If you have any tendency toward foot pain, choosing the right shoe can make the difference between agony and, if not exactly ecstasy, at least reasonable comfort. “The shoe should look somewhat like your foot,” New York City podiatrist Johanna Youner says. Most department stores have a “comfort shoe” department, which is a good place to start. Before you flatly refuse, be aware that styles are improving. Here are some brands that the doctors we interviewed recommend:
For daily wear: A shoe with a wide toe box is best for almost every problem. Youner likes Munro, which has a huge se-lection of sizes available (from AAAA to EE), and Ecco, which offers shoes made of soft leather. Arche, she adds, “makes great day-to-day, stylish city shoes that provide good support and excellent shock absorption.” Birkenstocks, if you can tolerate the stiff arches built into the footbeds, also offer a lot of support and are especially good for people with plantar fasciitis.

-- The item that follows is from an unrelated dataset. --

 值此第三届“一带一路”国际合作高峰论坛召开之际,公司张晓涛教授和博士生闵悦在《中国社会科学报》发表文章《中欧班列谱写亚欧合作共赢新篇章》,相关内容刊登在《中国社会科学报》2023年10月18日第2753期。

For exercise: “Look for a sneaker with motion control and stability,” says UCLA podiatrist Bob Baravarian. He’s partial to both Asics and New Balance.
For dress: Baravarian recommends Dana Davis. “The shoes have insoles built in and are constructed with podiatrist input about where to provide support and cushioning,” he says.
For summer: Thick-soled FitFlops get Youner’s vote: “They have more support than regular flip-flops.